Yes I'M Bojone

Yes I'M Bojone
RUMAH BARUNYA VIA



Leon yang melihat tingkah dari Via, dia langsung saja menatap kedua kepalan tangan dari Via lalu kearah wajah Via.


" Apa mau anda Nona?? ",, tanya Leon dengan tanpa ekspresi kepada Via.


" Mau bertepuk tangan ",, jawab Via kepada Leon sambil menepuk-nepukkan kedua tangannya didepan Leon.


Leon yang melihat kelakuannya Via, dia langsung saja menangkap kedua tangan Via itu dan langsung juga membuat Via melototkan matanya kepada Leon.


" Lepaskan tangan saya Tuan ",, kata Via sambil menarik kedua tangannya dari cekalan tangan Leon.


Adegan tarik menarik pun terjadi antara Leon dan juga Via.


Namun tebakan anda salah readers, jika biasanya sang laki-laki akan menarik tangan sang perempuan sehingga membuat sang perempuan jatuh keatas tubuh sang laki-laki.


Kali ini berbeda, ketika Leon sudah menarik tangan dari Via tadi, dia langsung saja melepaskannya dengan tiba-tiba.


Sehingga membuat Via langsung saja terjatuh terjungkal kebelakang.


" Aduuuuuuuhhhh ",, ucap Via ketika terjatuh dan membuat *4**4* seksinya langsung mencium lantai yang sangat keras.


Leon yang melihat Via terjatuh, masih tanpa ekspresi dia langsung saja bangun dari duduknya dan langsung saja meminta Via untuk bergeges bangun untuk mengikutinya.

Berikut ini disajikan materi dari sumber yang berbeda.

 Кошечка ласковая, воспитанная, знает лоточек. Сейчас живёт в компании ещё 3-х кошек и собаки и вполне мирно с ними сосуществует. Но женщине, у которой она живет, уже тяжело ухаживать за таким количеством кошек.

" Ayo cepat, akan saya antarkan kerumah yang sedang dijual ",, kata Leon sambil berlalu dari hadapan Via.


" Itu laki-laki atau kecebong sih, sudah tahu ada perempuan jatuh bukannya dibantuin dulu malah langsung ditinggal pergi seperti itu ",, gerutu Via untuk Leon.

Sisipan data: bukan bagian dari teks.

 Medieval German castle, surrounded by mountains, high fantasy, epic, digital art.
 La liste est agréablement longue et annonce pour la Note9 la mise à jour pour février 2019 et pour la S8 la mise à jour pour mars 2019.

" Ayo cepat!! ",, kata Leon lagi kepada Via yang hanya diam saja tidak mengikutinya.


Via pun yang mendengar perkataan dari Leon lagi, dia langsung saja berdiri dari duduknya dan langsung juga mengikuti Leon yang sudah melangkahkan pergi dari dalam rumah.

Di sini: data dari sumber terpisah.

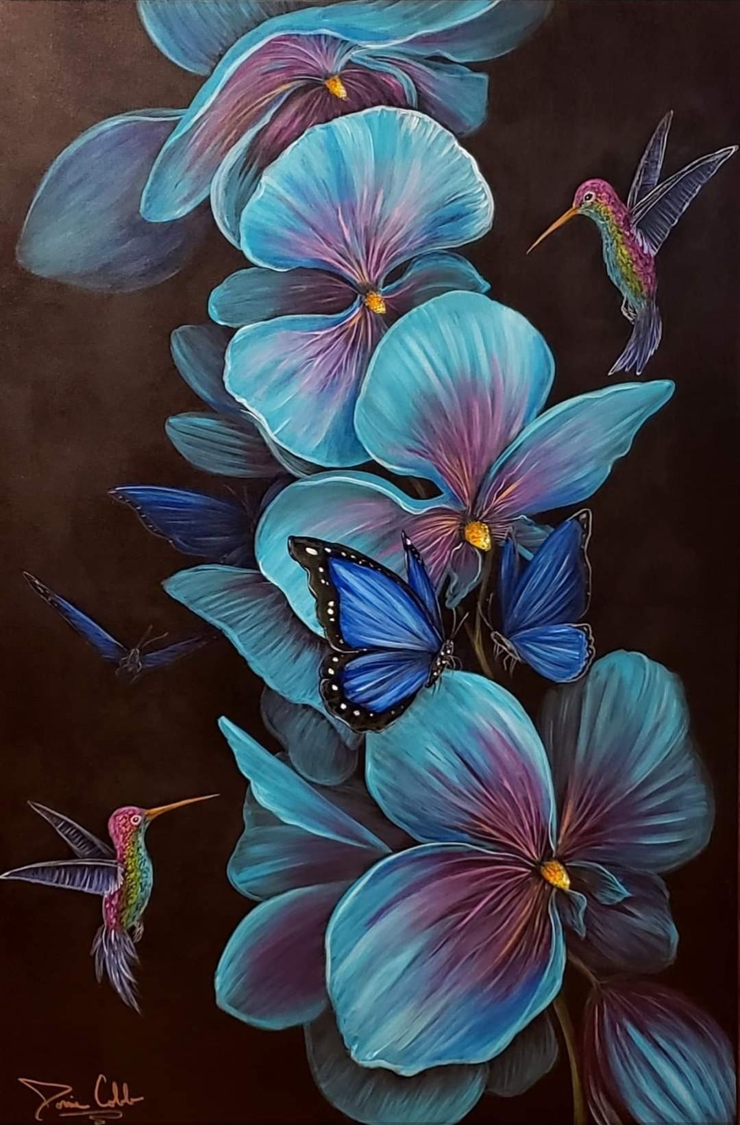 This lovely piece full of contrast. Dark background with deep blues, and turquoise gor the orchids and precious little hummingbirds singing their sweet songs around them.

" Tuan tunggu!! ",, teriak dari Via kepada Leon.


Dan Leon pun langsung saja menghentikan langkah kakinya tanpa berbalik badan untuk menunggu Via yang sedang berjalan kearahnya.


" Tuan, anda bisa tidak sih, kalau jalan jangan seperti mengejar maling, kaki anda itu besar dan pastinya jaraknya lebar, jangan dibandingkan dengan kaki saya dong, saya capek tahu mengikuti langkah kaki dari anda ",, kata Via kepada Leon.


Leon yang mendengar perkataan dari Via, dia tidak menjawab perkataan dari Via sama sekali, namun Leon langsung mencoba melangkah dengan pelan-pelan menyamakan langkah kaki dari Via.


Via yang melihat perhatian kecil dari Leon, dia langsung saja tersenyum manis didalam diamnya.


Ketika Via dan Leon sudah keluar dari dalam rumah dan berjalan melewati mobil, Via langsung dibuat kebingungan dengan tingkah dari Leon.


" Lho-lho-lho ko kita tidak naik mobil?? ",, tanya Via kepada Leon.


" Nanti kamu tahu sendiri ",, jawab Leon kepada Via dengan singkat.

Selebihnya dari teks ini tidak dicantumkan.